Bucchianico

L’artista Michela Di Lanzo, trentotto anni, ha frequentato l’Istituto Statale d’Arte di Chieti, Corso di Pittura e Decorazione. Si laurea all’Accademia di Belle Arti di Urbino, dove frequenta un corso tradizionale di pittura, sperimenta la modellistica per il teatro e la scenografia, prepara maschere in 3D.
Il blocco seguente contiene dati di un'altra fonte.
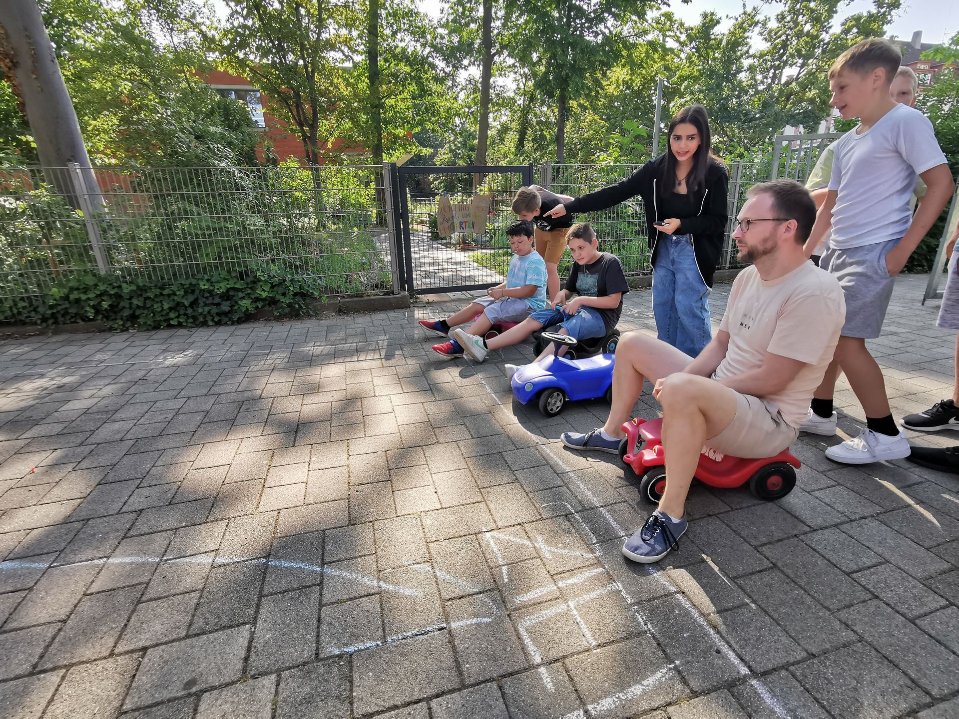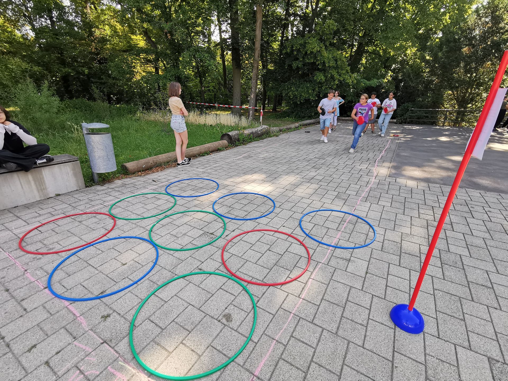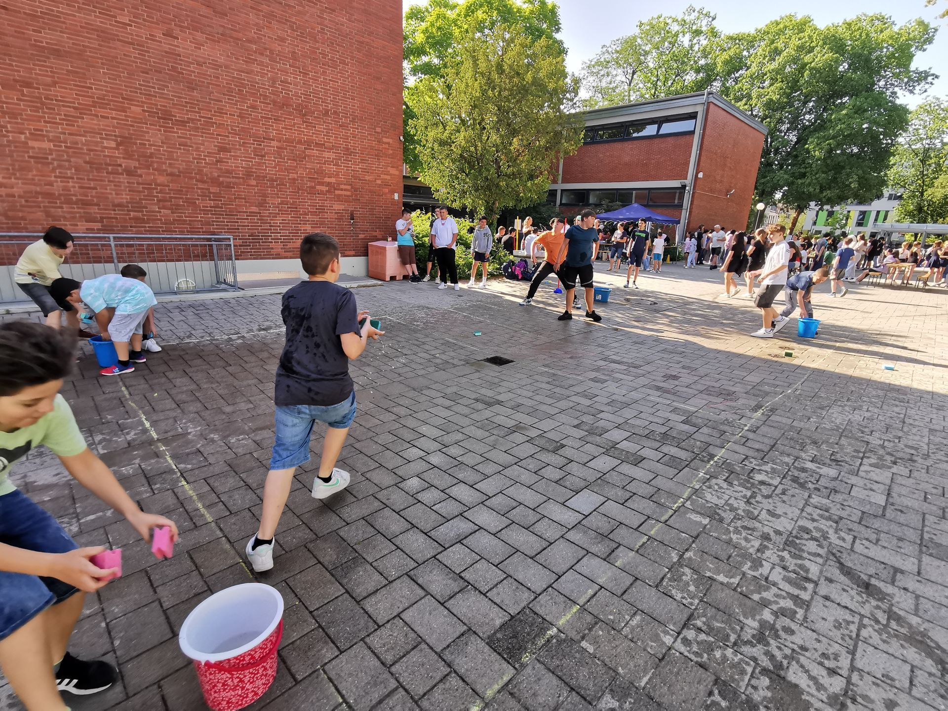 An zehn Stationen gab es Spiele: unter anderem Wasserschwammschlacht, Bobbycar-Rennen, Tauziehen und Speed-TicTacToe. Auch die Lehrer*innen machten unter vollem Einsatz mit. Für ein Päuschen zwischendurch blieben beim Getränke- und Eisverkauf kaum Wünsche offen. Begleitet wurde das Spektakel von einer toll zusammengestellten Sommerplaylist. Gegen Ende gab es dann auch kein Halten mehr, man tanzte gemeinsam in Richtung Wochenende.
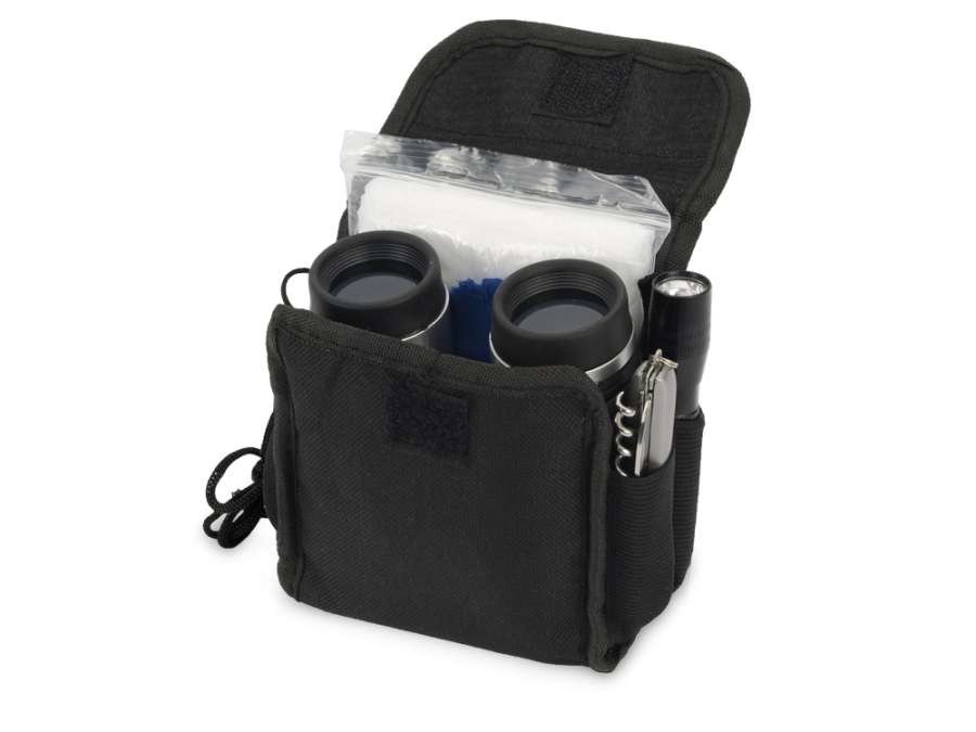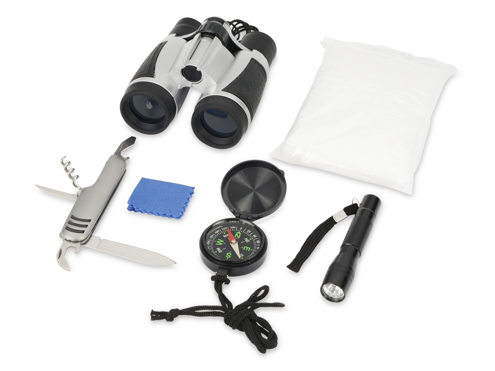 Набор путешественника: бинокль 4х30, мультиинструмент, фонарь, компас, дождевик, салфетка

Tornata a casa, nella sua piccola Bucchianico, presto sente che questo mondo, familiare ed estraneo allo stesso tempo, gli va stretto e decide di continuare la sua ricerca artistica altrove. Si trasferisce, quindi, a Berlino nel 2010 e risiede nel quartiere turco dell’Est. Lì ho rafforzato la mia visione artistica e la mia passione per il bianco e nero – racconta Michela -. Ci sono tre ore di luce al giorno e molta neve. Mi sono confrontata con la sintesi delle cose, l’essenzialità, la chiarezza nel metodo, gli spazi industriali grigi, in fondo un bianco e nero anche quelli. Ho eliminato la ricchezza cromatica e sono ripartita dal bianco e nero, dal contrasto”.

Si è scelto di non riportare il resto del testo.